In principle, a large number of selection stages may be provided in the selection unit 220, with a larger number of selection stages 220-1... 220-G resulting in a greater resource load and ultimately resulting in increased data security, but increasing the execution time of the encryption. By selecting the number G of the selection stages 220-1... 220-G, a balance between the computing power and data security can thus be made.

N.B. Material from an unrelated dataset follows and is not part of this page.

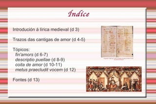 Introdución A líricatrobadoresca en galego-portuguesa nace do contacto cos trobadores occitanos. Co camiño de Santiago a corte compostelá convértese en centro de peregrinaxe e vía de entrada das innovacións poéticas cultivadas nas refinadas cortes provenzais. A cantiga de amor é o xénero máis provencializante da nosa lírica (< cançó ). Figuras conceptuais (antíteses, paradoxos, parodia, ironía) e formais (dobre, mordobre). Conservánse nos códices en 1º lugar: 377 de refrán e 321 de mestría.
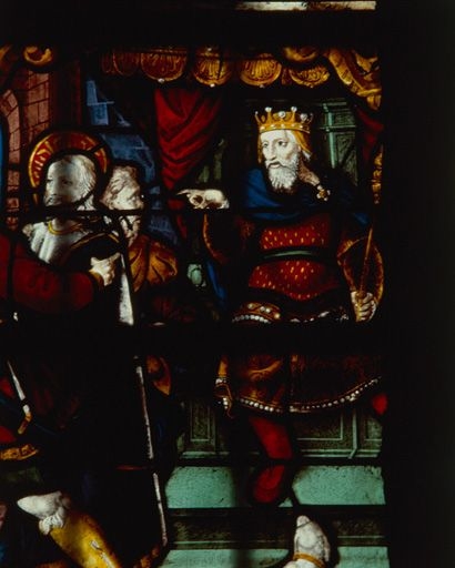 La verrière réalisée par Michel Baionne autour des années 1560 a été commandée par la famille Robert. Les armoiries des Du Bouays de Couesbouc ont peut-être été insérées vers 1661, lorsque la verrière a été remise en plombs par le verrier rennais René Boullay ; elle fut restaurée en 1901 par le rennais Emmanuel Rault et en 1998 par l'Atelier Helmbold, de Corpsnuds ; deux inscriptions, superposées dans l'angle inférieur gauche de la scène chez Pilate (a2), mentionnent ces restaurations : Restauré chez / Rault Rennes / M. Lecomte curé / 1901. / RESTAURE PAR ATELIER HELMBOLD / CORPSNUDS 1998.

In the present case, a total of ten G = 10 selection stages 220-1... 220-G are provided. For the selection register 221 and addressing units 222, the number located at the memory location selected by the respective pointer ji... JG in the addressing unit 221 is determined in the respective selection register 221 and entered or added to the next pointer j in the next addressing unit 221 or determined by another arithmetic operation. The value of each next pointer j is used to address a memory position in the next selection register 221. The value Φ0 of the last selection register 221-G addressed by the respective pointer is used to select a basic transformation instruction fi ... fA. The length of the selection register 221 normally corresponds to the number of basic used
Transformation regulations fi ... fA.
The selection unit 220, 230 of the random number generator 212 and the transformation unit 213 have a very similar structure. The following improvements are described jointly for both selection units 220, 230, but may be used for each of the
Selection units 220, 230 are made separately.
By the above procedure, only a selection of a basic transformation rule fi ... fA or the partial random number generator 233-1 ... 233-Z is made, which is completely independent of the individual raw data bytes b to be encrypted, and therefore allows easier reconstruction.

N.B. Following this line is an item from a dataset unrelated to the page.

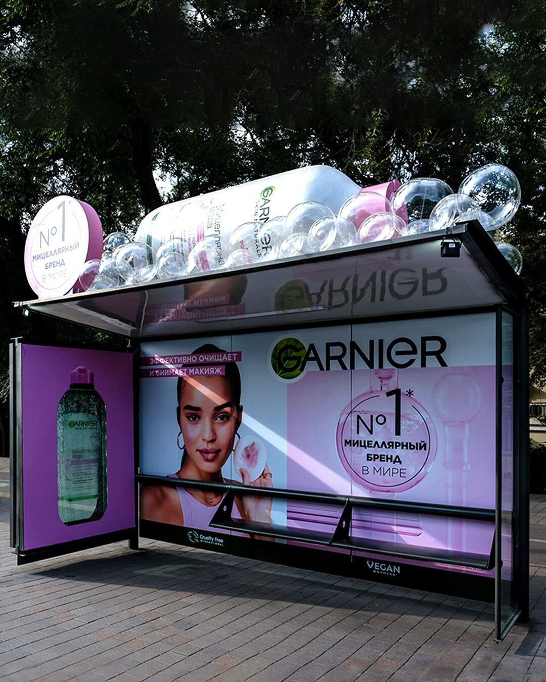 La estructura, que incluye burbujas de agua reales dentro de una vitrina, recrea de manera impresionante el producto. Este enfoque no solo resalta la calidad del agua micelar de Garnier, sino que también refuerza su mensaje de frescura y pureza. Al convertir una parada de autobús en una vitrina de producto, Garnier ha logrado captar la atención de los consumidores de una manera memorable y creativa.

The present improvement of the invention now provides an update of the selection unit 220, 230 made by the updating unit, wherein, depending on the respective byte to be encrypted b, and / or the respectively encrypted byte c, and / or provided random numbers pi... PR of the Value of one of the pointers ji ... jG, ki ... kH in the addressing units 222, 232 is changed. Here, the numerical value of the addressing unit 222, 232 is determined by an arithmetic function from the old numerical value of the addressing unit 222, 232 and an external value provided via an input 224, 234, e.g. the numerical value b, the unencrypted byte, the numerical value c, the encrypted byte or the provided random numbers p ,, recalculated. If the resulting value exceeds the length of the selection register 221, 231, this length is subtracted from the pointer value correspondingly many times, so that the pointer j, k lies between 1 and A or Z. In each encryption step, the next pointer j, k is changed in each case, and in the case where the last Gth or Hth pointer was changed in the previous step, the first pointer j, k is changed again in the next step.
Alternatively or additionally, it is possible for two individual registers of one of the selections register 221, 231 to be modified depending on the byte to be encrypted bi and / or of the respective encrypted byte c, and / or provided random numbers p by interchanging the words contained in them Values. The selection of these two individual registers is also dependent on the number of permutations already made in this selection register 221, 231. At each encryption step, a number of swaps are performed. After a certain number of exchanges have been made in a selection register 221, 231, then the next selection register 221, 231 is changed. In the event that the last selection register 221, 231 has been changed in the previous step, then the first selection register 221, 231 is changed again.
In order to select a plurality of basic transformation instructions T,..., FA or a plurality of partial random number generators 233-1... 233-Z, the first pointer ji, ki is respectively modified according to predetermined criteria, in particular increased, reduced, incremented or decrements, and the aforementioned steps for addressing the individual selection registers 221, 231 again carried out, wherein in each case that basic transformation rule T, ..., fA is used for the formation of the transformation rules or the random number of that partial random number generator 233, their ordinal number corresponds to the numerical value of the value referenced in the last selection register 221-G, 231-F1. The number of individual registers of a selection register 221, 231 corresponds to the number A of the available basic transformation rules fi,..., FA or the number Z of the available partial random number generators 233.
It is also possible for the selection unit 230 of the random number generator 212 or the selection unit 220 of the transformation unit 213 to be supplied with additional random numbers p generated by the random number generator 212 and for the values of the respective selection registers 221, 231 to be reset or modified by means of these random numbers p or the pointers in the addressing units 222, 232 are overwritten or modified.
In the determination of random numbers p by the random number generator 212, a predetermined number of random numbers generated by this can be used.
With such a selection unit 220, 230, it is avoided that a state change made in one step is reversed by a state change made in a following step.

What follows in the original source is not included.